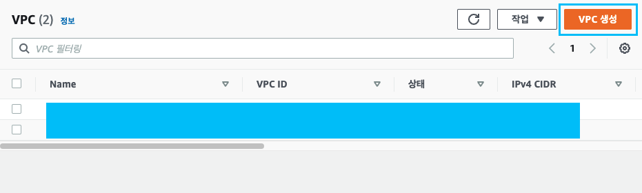 다음과 같이 VPC 로 이동하여 VPC 생성을 눌러줍시다.
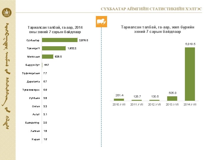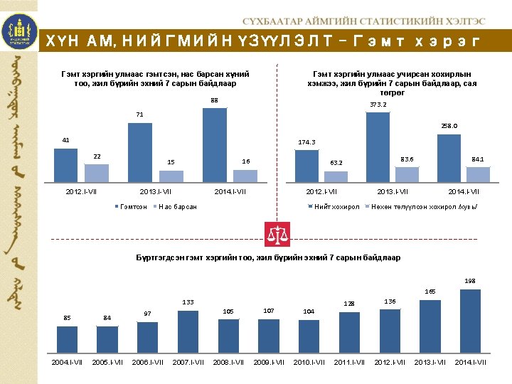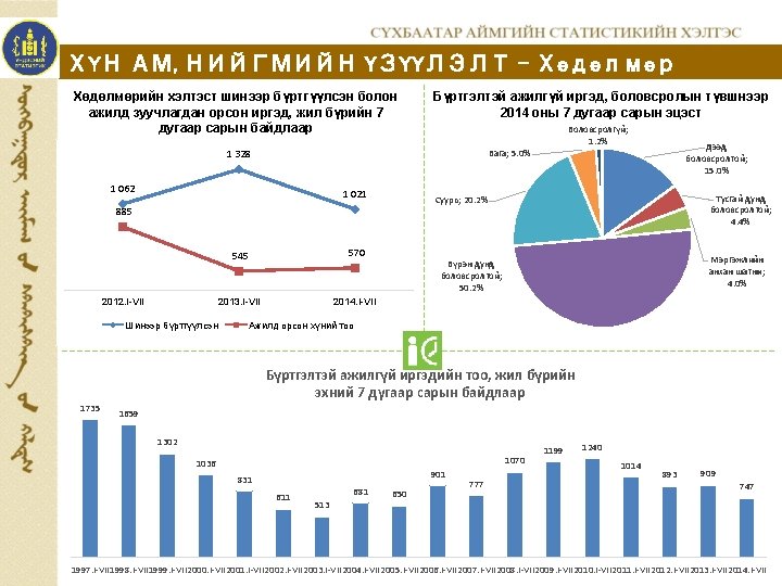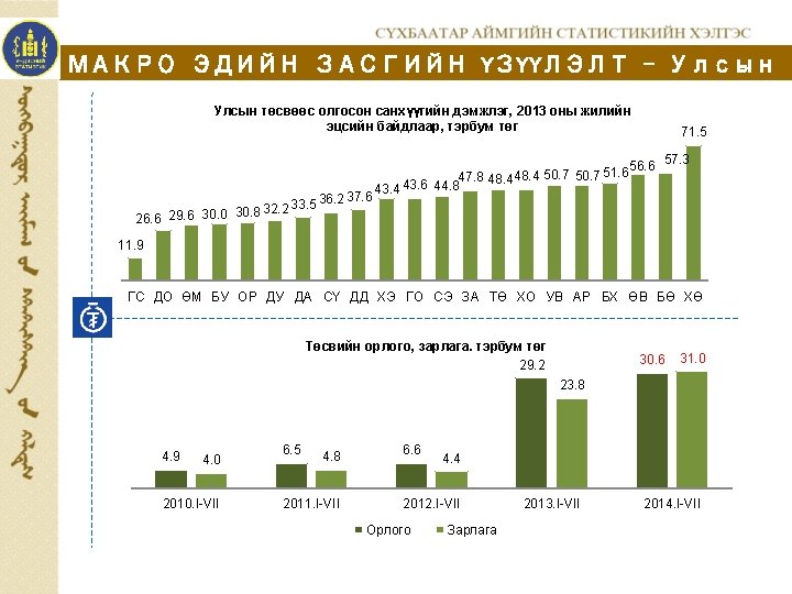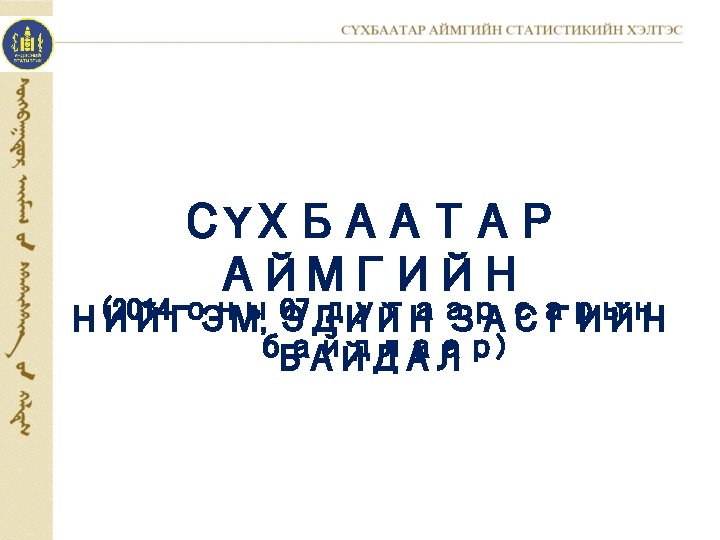 2013 XII 2013 IVII 2014 IVII 2013 XII Slides: 12 Download presentation МАКРО ЭДИЙН ЗАСГИЙН ҮЗҮҮЛЭЛТ ЗЭЭЛ, ХАДГАЛАМЖИЙН ҮЛДЭГДЭЛ. банкуудаар, сарын эцэст, сая. төг Зээлийн өрийн үлдэгдэл Банк 2013. XII 2013. I-VII Хадгаламжийн үлдэгдэл 2014. I-VII 2013. XII 2013. I-VII 2014. I-VII ÕÀÀÍ 47 034. 5 41 407. 4 52 867. 2 17 950. 6 14 225. 6 15 439. 1 ÕÀÑ 3 350. 4 3 185. 5 3 943. 2 3 730. 8 3 695. 9 3 885. 3 Голомт 4 017. 2 2 703. 1 5 618. 7 1 252. 2 758. 4 1 394. 4 19 077. 2 13 563. 7 23 857. 4 10 271. 4 9 885. 9 11 027. 0 11. 6 86 298. 1 33 205. 0 Төрийн банк Капитал банк Дүн 73 479. 3 60 859. 7 Зээлийн өрийн үлдэгдэл, тэрбум төг 86. 3 2010. I-VII 2011. I-VII 2012. I-VII 2013. I-VII 2014. I-VII 31 793. 4 23. 6 39. 6 15. 1 28 565. 8 Хадгаламжийн үлдэгдэл, тэрбум төг 31. 8 28. 6 60. 9 27. 5 47. 6 15. 5 11. 2 2010. I-VII 2011. I-VII 2012. I-VII 2013. I-VII 2014. I-VII www. facebook. com/statistic Вэб сайт: sukhbaatar. nso. mn Майл хаяг: sukhbaatar@nso. mn 12
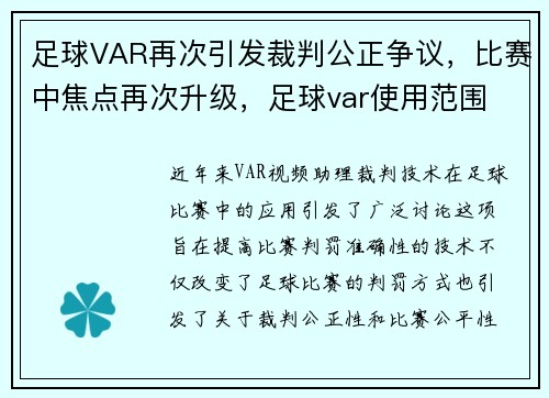 足球VAR再次引发裁判公正争议,比赛中焦点再次升级,足球var使用范围
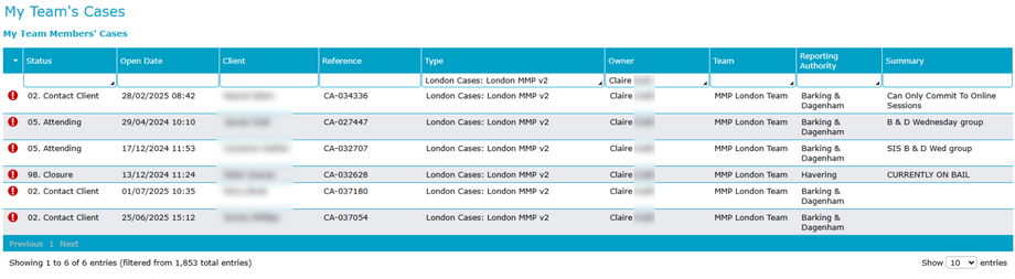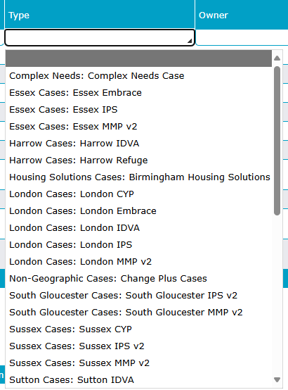 To view all cases allocated to a specific person, you can do so here. You can choose their name by selecting it from the dropdown list, or by partially typing it.
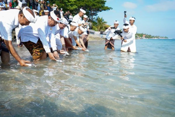 Nusa Penida – Wakil Gubernur Bali Tjokorda Oka Artha Ardhana Sukawati, bersama Bupati Klungkung I Nyoman Suwirta para Organisasi Perangkat Daerah Provinsi Bali dan Kabupaten Klungkung melaksanakan perayaan Rahina Tumpek Uye dengan Upacara Segara Kerthi, yang bertempat di Pura Segara Dalem Ped, Nusa Penida-Klungkung pada Saniscara Kliwon Uye, tanggal 25 Maret 2023.
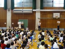 校長の佐藤です。今日で1学期終了です。1校時に体育館で、終業式をしました。私からは1学期に頑張ったこと、できるようになったことを振り返ること、夏休みには何か1つでもいいからふだんではきないことに挑戦してほしいこと、事故などに遭わずに9月1日に元気に登校してほしいことをお話しました。5年の代表児童は、1学期に頑張ったことを3つ紹介してくれました。特に八ヶ岳移動教室では時間を守ることの大切さを学んだとのことでした。しっかりとした発表で、全校児童は真剣に発表を聞き、終わったときには大きな拍手が贈られました。校歌を歌って終業式は閉じ、夏休みの生活について生活指導主任の小沼主任教諭から話がありました。5年2組の児童も協力して、夏休みに気を付ける「こうゆうすいか」を学びました。「こう」は交通事故、「ゆう」は誘拐、「すい」は水の事故、「か」は火の事故のことです。明日から楽しい夏休み、みんながよい思い出をたくさんつくって、9月に元気に戻ってきてほしいと願っています。保護者の皆様、地域の皆様、そしてこの日記を読んでくださっている皆様、今学期もご協力ありがとうございました。
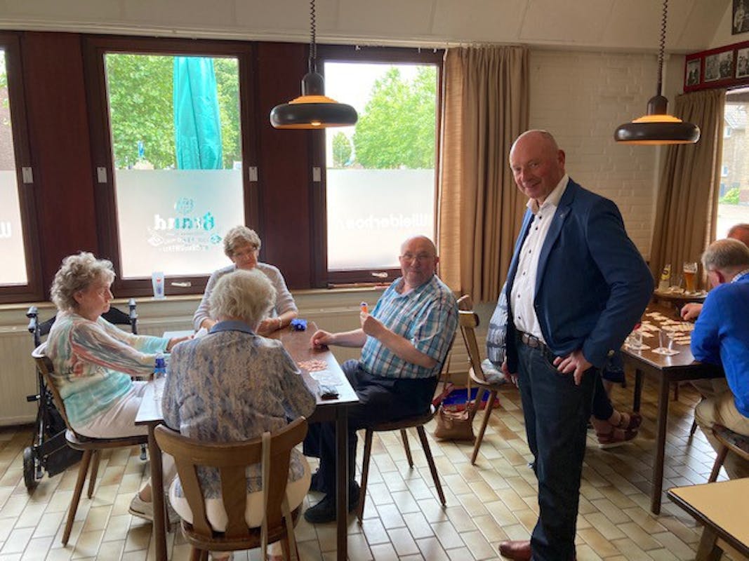 Ook hij speelde een potje jeu de boules mee en nam bij de kaarters poolshoogte over de voortgang van het spel.

==*==

● **PROBLEM STATEMENT**:
Although the records contain pictures, only their text should be repeated, exactly as it appears.

● **EXERCISE RESULT**:
 다음과 같이 VPC 로 이동하여 VPC 생성을 눌러줍시다.
 2013 XII 2013 IVII 2014 IVII 2013 XII Slides: 12 Download presentation МАКРО ЭДИЙН ЗАСГИЙН ҮЗҮҮЛЭЛТ ЗЭЭЛ, ХАДГАЛАМЖИЙН ҮЛДЭГДЭЛ. банкуудаар, сарын эцэст, сая. төг Зээлийн өрийн үлдэгдэл Банк 2013. XII 2013. I-VII Хадгаламжийн үлдэгдэл 2014. I-VII 2013. XII 2013. I-VII 2014. I-VII ÕÀÀÍ 47 034. 5 41 407. 4 52 867. 2 17 950. 6 14 225. 6 15 439. 1 ÕÀÑ 3 350. 4 3 185. 5 3 943. 2 3 730. 8 3 695. 9 3 885. 3 Голомт 4 017. 2 2 703. 1 5 618. 7 1 252. 2 758. 4 1 394. 4 19 077. 2 13 563. 7 23 857. 4 10 271. 4 9 885. 9 11 027. 0 11. 6 86 298. 1 33 205. 0 Төрийн банк Капитал банк Дүн 73 479. 3 60 859. 7 Зээлийн өрийн үлдэгдэл, тэрбум төг 86. 3 2010. I-VII 2011. I-VII 2012. I-VII 2013. I-VII 2014. I-VII 31 793. 4 23. 6 39. 6 15. 1 28 565. 8 Хадгаламжийн үлдэгдэл, тэрбум төг 31. 8 28. 6 60. 9 27. 5 47. 6 15. 5 11. 2 2010. I-VII 2011. I-VII 2012. I-VII 2013. I-VII 2014. I-VII www. facebook. com/statistic Вэб сайт: sukhbaatar. nso. mn Майл хаяг: sukhbaatar@nso. mn 12
 足球VAR再次引发裁判公正争议,比赛中焦点再次升级,足球var使用范围
 To view all cases allocated to a specific person, you can do so here. You can choose their name by selecting it from the dropdown list, or by partially typing it.
 Nusa Penida – Wakil Gubernur Bali Tjokorda Oka Artha Ardhana Sukawati, bersama Bupati Klungkung I Nyoman Suwirta para Organisasi Perangkat Daerah Provinsi Bali dan Kabupaten Klungkung melaksanakan perayaan Rahina Tumpek Uye dengan Upacara Segara Kerthi, yang bertempat di Pura Segara Dalem Ped, Nusa Penida-Klungkung pada Saniscara Kliwon Uye, tanggal 25 Maret 2023.
 校長の佐藤です。今日で1学期終了です。1校時に体育館で、終業式をしました。私からは1学期に頑張ったこと、できるようになったことを振り返ること、夏休みには何か1つでもいいからふだんではきないことに挑戦してほしいこと、事故などに遭わずに9月1日に元気に登校してほしいことをお話しました。5年の代表児童は、1学期に頑張ったことを3つ紹介してくれました。特に八ヶ岳移動教室では時間を守ることの大切さを学んだとのことでした。しっかりとした発表で、全校児童は真剣に発表を聞き、終わったときには大きな拍手が贈られました。校歌を歌って終業式は閉じ、夏休みの生活について生活指導主任の小沼主任教諭から話がありました。5年2組の児童も協力して、夏休みに気を付ける「こうゆうすいか」を学びました。「こう」は交通事故、「ゆう」は誘拐、「すい」は水の事故、「か」は火の事故のことです。明日から楽しい夏休み、みんながよい思い出をたくさんつくって、9月に元気に戻ってきてほしいと願っています。保護者の皆様、地域の皆様、そしてこの日記を読んでくださっている皆様、今学期もご協力ありがとうございました。
 Ook hij speelde een potje jeu de boules mee en nam bij de kaarters poolshoogte over de voortgang van het spel.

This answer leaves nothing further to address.